А первый в очереди извозчик уже подкатил.
— Пож-жалуйте!.. Куда ехать?
— Ты-ы, братец, чисто русский? — грозно спросил Коняев.
— Я — татарин… Куда ехать?
— Та-та-рин? И… как же ты смеешь, подлец? Пошел!
— Я — чистый русский! Давайте вещи! — подкатил другой, молодой, из себя чернявый.
А третий уж кричал:
— Какой же он русский? Он и вовсе соленый грек! Я русский чистый!

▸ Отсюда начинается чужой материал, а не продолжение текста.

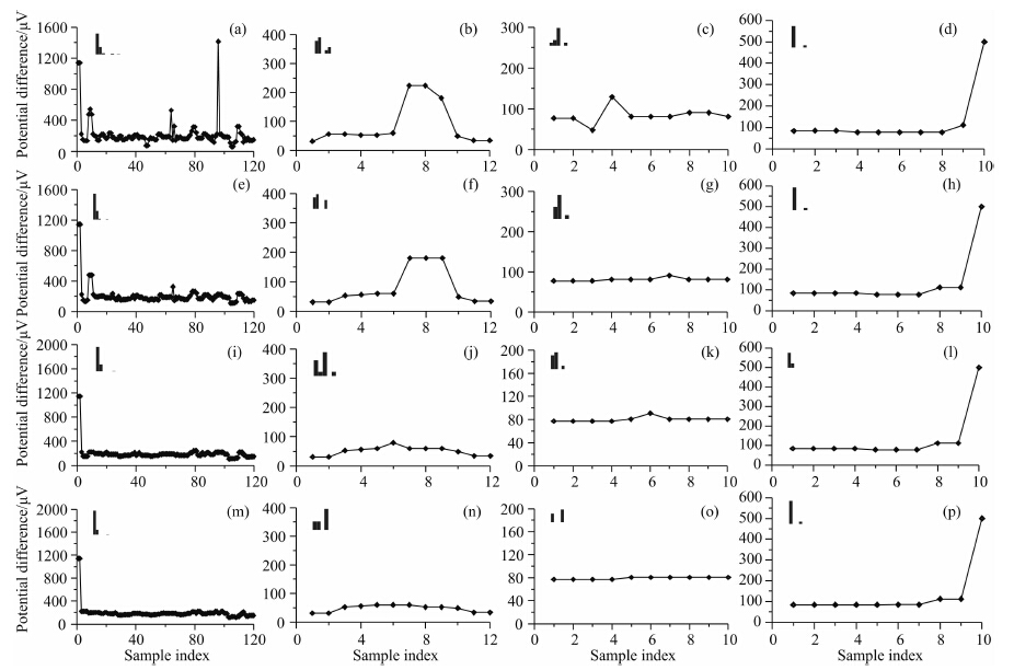 图 14与原始数据样本分布图(图 8)对比,同图 12类似,位于样本中非端点位置出现的异常离群 值,SMF方法能够在不同大小的窗口条件下有效抑制,且随滤波窗口变大,可滤除的脉冲干扰宽度相应增大,但对于样本中有异常值位于样本两端时,无法有效消除,如图 14中的子图(d)、(h)、(l)、(p).图 14与本文方法处理结果样本数据分布图(图 9)对比,本文方法能够在不修改样本数据值的情况下,有效判别并剔除离群异常值,保留分布最为集中的可信的样本结果.

Московский!
— А ты не того… не смесь? — спросил третьего Коняев, вглядываясь упорно.
— Конечно, он — смесь: у него мать из немок, я знаю! — кричал четвертый. — Пожалуйте вещи!
Приехавших с поездом было мало, да и те разъехались на трамвае или разошлись пешком. Только у одного Коняева оказались вещи, и только ему и нужно было ехать непременно на извозчике, поэтому на бирже началась веселая суета: все думали, что отставной флотский просто пьян изрядно, мило шутит и хорошо заплатит, если удастся его отвезти.
— Я русский!.. Я — чистый русский!.. — кричали отовсюду наперебой, и даже носильщики, стоявшие и сидевшие на каменной лестнице вокзала, принялись тоже суетиться, покрикивая:
— Какой он русский? Он сроду караим!.. — или: — Вовсе он болгарин из-под Ногайска!.. — или: — Турецкого звания человек!
А сестра Коняева стонала:
— Умоляю, скорее!.. Кха-кха-кха!..
Может быть, так тянулось бы и еще долго, если бы один из извозчиков, стоявший в хвосте, с такою же рыжей бородою, как у Коняева, не догадался поманить ее пальцем, и она пошла к нему, качаясь, длинная и согбенная, и села в его фаэтон.
— Русский? — не забыл спросить, подходя, Коняев.
— Обязательно, — ответил бородач.
Так и поехали, наконец, установив вещи, а на вокзале после них долго еще стояло веселье.
Бородач же через весь город провез их к гостинице Киста у Графской пристани.
— Не хочу сюда, понял?.. В русскую вези! — внушительно сказал Коняев.
— Можно в какую попроще, — согласился тот и привез в гостиницу Ветцеля.
— Да ты что это? Смеешься, что ли, черт? — осерчал Коняев.
— Разве я их выдумал?.. Какие есть, стало быть, туды и везу… — обиделся бородач и, подумав, отвез его, наконец, в грязноватые какие-то «Одесские номера» в Рыбном переулке, сказавши: — Тут уж самые русские.